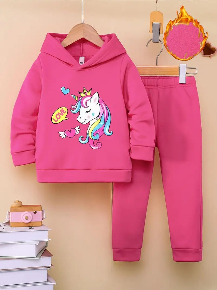 - Rose Red Unicorn Graphic Winter Hoodie & Pants 2 Pc Set TS6032B
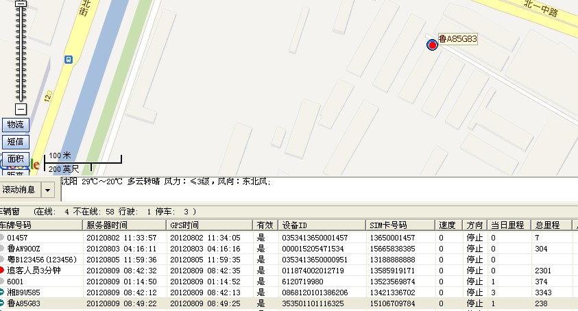 在客户端下方车辆窗双击车辆,地图上就将此车当前的位置图标居中显示。如下图:
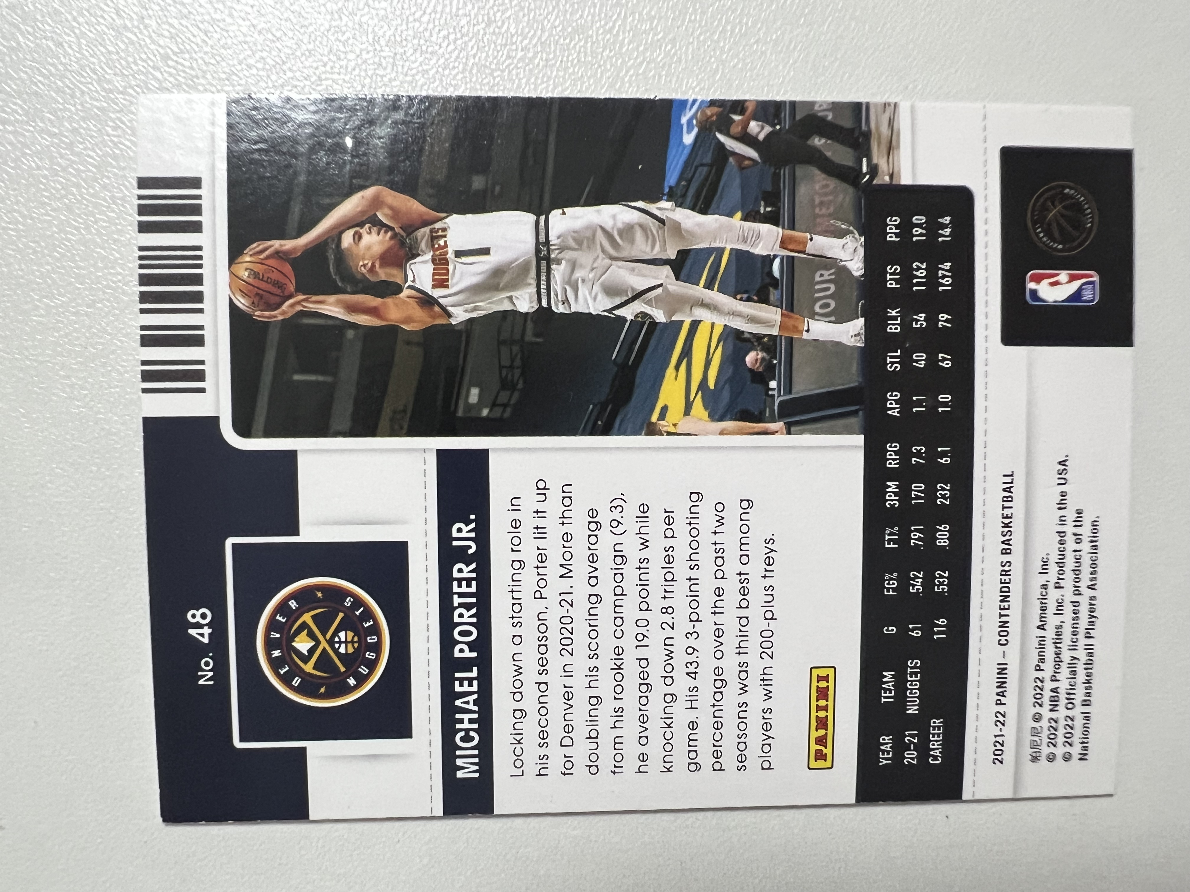 2021-22 Panini Contenders Michael Porter Jr. #48 小迈克尔 波特 掘金 球票 base 收藏凑套 卡品如图
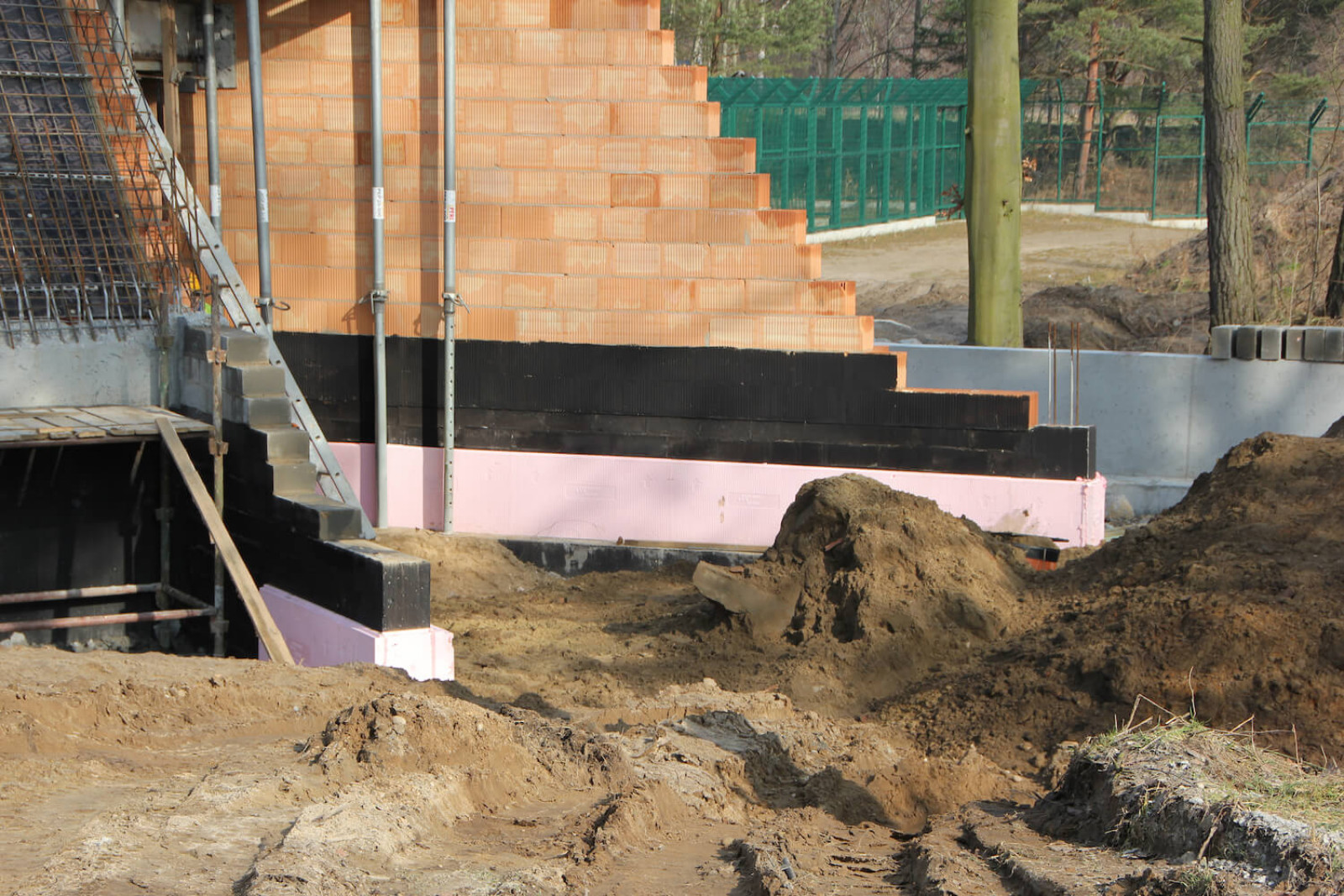 Polistyren ekstrudowany (XPS) charakteryzuje się niewielką chłonnością wilgoci, dlatego stosuje się go w miejscach szczególnie narażonych na kontakt z wodą, jak np. ściany fundamentowe, fot. swisspor
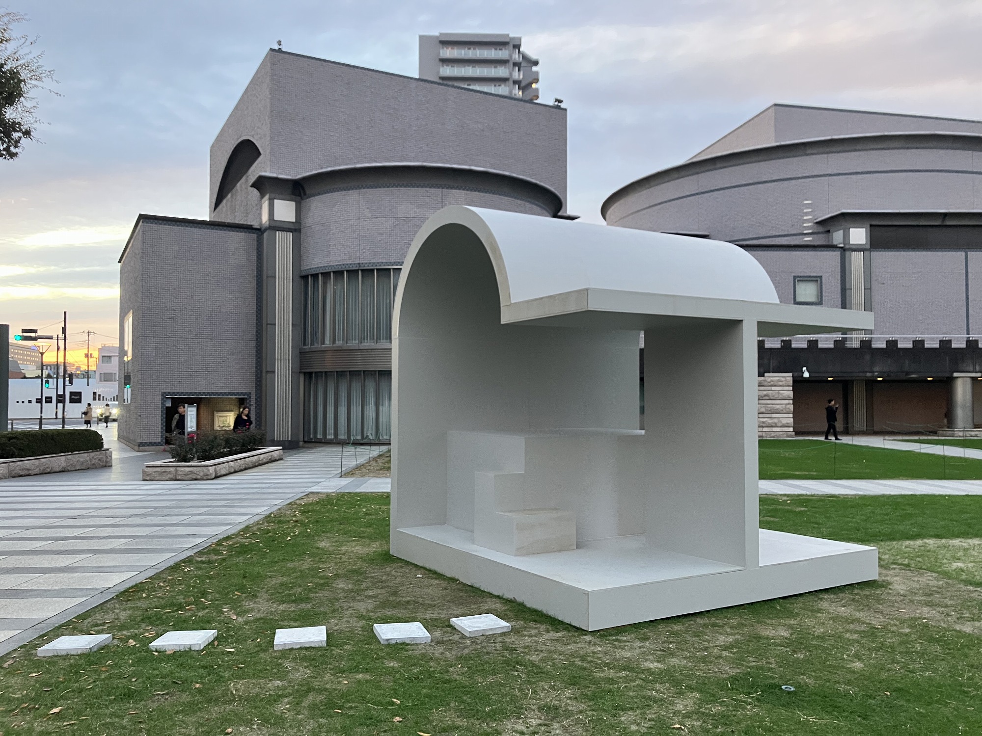 水戸芸術館は、現代美術ギャラリー、コンサートホールATM、ACM劇場、会議場があり、それらをエントランスホール、広場、回廊が繋いでいる。その広場に、「オブスキュアド・ホライズン(砂漠の寝所) 春秋」の再現(原寸)のインスタレーションがあった。私事であるが、今年、筆者は職場で「国際花と緑の博覧会」(EXPO’90)の「13のフォリー」について調査、展示する機会があり、フォリーの魅力を再認識した一年だった。「13のフォリー」は、EXPO’90で磯崎新氏がコミッショナーを務め、鈴木明さんと太田佳代子さんが主宰されていた建築都市ワークショップが事務局を担い、国内外12組の建築家と協業者たちによって創られた小規模の仮設建築であった。13のフォリーに参加した一部の建築家は、くまもとアートポリスや、NTTインターコミュニケーションセンター(ICC)「海市-もう一つのユートピア」展(1997年)にも指名されている。そうしたことから、「オブスキュアド・ホライズン(砂漠の寝所)」は、磯崎氏ご自身が到達されたフォリーだと捉えるに至り、その原寸を体感することで茶室との関連が無視できないことを感じた。
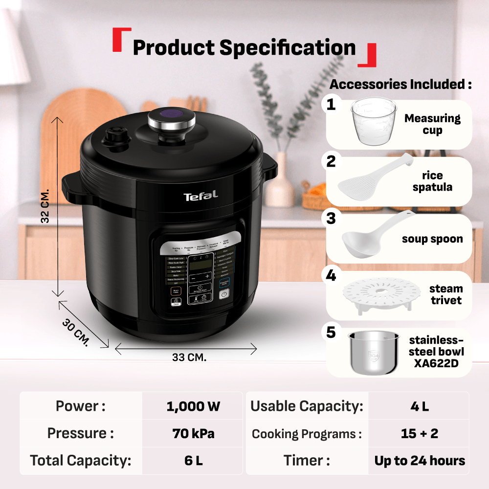 Tefal Home Chef Smart Multicooker (6L) [Free SS Inner Pot] CY601 + XA622D
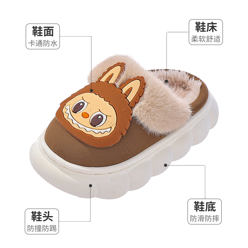 室内防滑PU皮面防水耐脏宝宝毛拖鞋 拉布布儿童棉拖鞋 男女童秋冬季
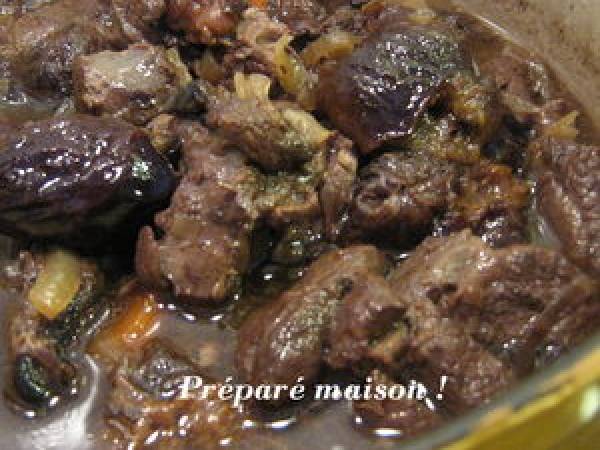 Biche en daube aux pruneaux Platfacile4 h 15 m943 Kcal Envoyer cette recette à un ami Imprimer cette page Poser une question à l'auteur Publier votre photo de cette recette Ingrédients 4 1 kg de biche en morceaux 1 tranche de lard frais 250 g de pruneaux dénoyautés 1 carotte 2 oignons 1 bouteille de vin rouge 1 petit verre de cognac noix de muscade quatre-épices sel poivre huile
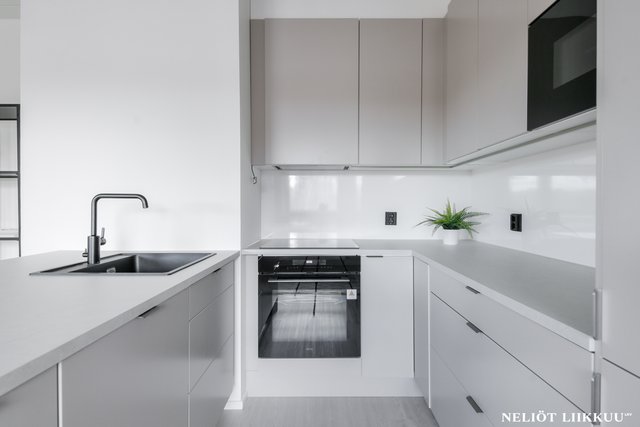 - Varustus: Integroidut kodinkoneet: jääkaappi/pakastin, astianpesukone, mikroaaltouuni, induktioliesitaso ja erillisuuni, liesituuletin.
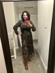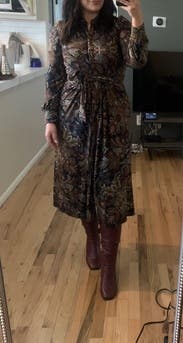 Paired this dress with brown leather boots and a beautiful brown leather purse to match. I would definitely order this dress / brand again!
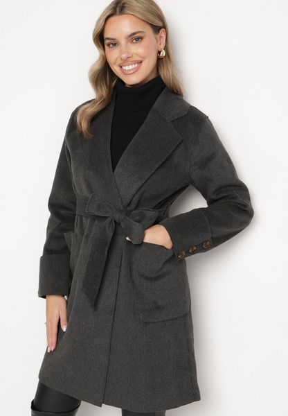 Ciemnoszary Dwurzędowy Płaszcz z Wiskozą z Kieszeniami i Wiązanym Paskiem Alninnia
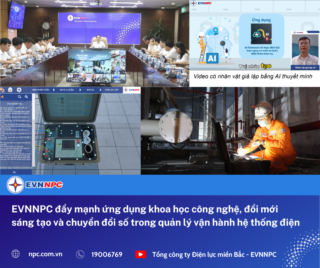 Đặc biệt, EVNNPC đang tăng cường áp dụng công nghệ trạm biến áp kỹ thuật số, đến nay đã vận hành an toàn 8 trạm 110kV KTS và đang triển khai hơn 10 dự án mới, với mục tiêu đến năm 2030 có trên 100 trạm kỹ thuật số trên lưới. Việc ứng dụng UAV kết hợp AI để kiểm tra đường dây 110kV cũng được đẩy mạnh, giúp nhận diện hư hỏng thiết bị nhanh chóng và chính xác, đồng thời EVNNPC đã tích hợp hệ thống camera giám sát vào SCADA để rút ngắn thời gian xử lý sự cố.

═══

Instructions to follow
What is needed is an exact printout of every record above, with the pictures left out.

Written answer
 - Rose Red Unicorn Graphic Winter Hoodie & Pants 2 Pc Set TS6032B
 在客户端下方车辆窗双击车辆,地图上就将此车当前的位置图标居中显示。如下图:
 2021-22 Panini Contenders Michael Porter Jr. #48 小迈克尔 波特 掘金 球票 base 收藏凑套 卡品如图
 Polistyren ekstrudowany (XPS) charakteryzuje się niewielką chłonnością wilgoci, dlatego stosuje się go w miejscach szczególnie narażonych na kontakt z wodą, jak np. ściany fundamentowe, fot. swisspor
 水戸芸術館は、現代美術ギャラリー、コンサートホールATM、ACM劇場、会議場があり、それらをエントランスホール、広場、回廊が繋いでいる。その広場に、「オブスキュアド・ホライズン(砂漠の寝所) 春秋」の再現(原寸)のインスタレーションがあった。私事であるが、今年、筆者は職場で「国際花と緑の博覧会」(EXPO’90)の「13のフォリー」について調査、展示する機会があり、フォリーの魅力を再認識した一年だった。「13のフォリー」は、EXPO’90で磯崎新氏がコミッショナーを務め、鈴木明さんと太田佳代子さんが主宰されていた建築都市ワークショップが事務局を担い、国内外12組の建築家と協業者たちによって創られた小規模の仮設建築であった。13のフォリーに参加した一部の建築家は、くまもとアートポリスや、NTTインターコミュニケーションセンター(ICC)「海市-もう一つのユートピア」展(1997年)にも指名されている。そうしたことから、「オブスキュアド・ホライズン(砂漠の寝所)」は、磯崎氏ご自身が到達されたフォリーだと捉えるに至り、その原寸を体感することで茶室との関連が無視できないことを感じた。
 Tefal Home Chef Smart Multicooker (6L) [Free SS Inner Pot] CY601 + XA622D
 室内防滑PU皮面防水耐脏宝宝毛拖鞋 拉布布儿童棉拖鞋 男女童秋冬季
 Biche en daube aux pruneaux Platfacile4 h 15 m943 Kcal Envoyer cette recette à un ami Imprimer cette page Poser une question à l'auteur Publier votre photo de cette recette Ingrédients 4 1 kg de biche en morceaux 1 tranche de lard frais 250 g de pruneaux dénoyautés 1 carotte 2 oignons 1 bouteille de vin rouge 1 petit verre de cognac noix de muscade quatre-épices sel poivre huile
 - Varustus: Integroidut kodinkoneet: jääkaappi/pakastin, astianpesukone, mikroaaltouuni, induktioliesitaso ja erillisuuni, liesituuletin.
 Paired this dress with brown leather boots and a beautiful brown leather purse to match. I would definitely order this dress / brand again!
 Ciemnoszary Dwurzędowy Płaszcz z Wiskozą z Kieszeniami i Wiązanym Paskiem Alninnia
 Đặc biệt, EVNNPC đang tăng cường áp dụng công nghệ trạm biến áp kỹ thuật số, đến nay đã vận hành an toàn 8 trạm 110kV KTS và đang triển khai hơn 10 dự án mới, với mục tiêu đến năm 2030 có trên 100 trạm kỹ thuật số trên lưới. Việc ứng dụng UAV kết hợp AI để kiểm tra đường dây 110kV cũng được đẩy mạnh, giúp nhận diện hư hỏng thiết bị nhanh chóng và chính xác, đồng thời EVNNPC đã tích hợp hệ thống camera giám sát vào SCADA để rút ngắn thời gian xử lý sự cố.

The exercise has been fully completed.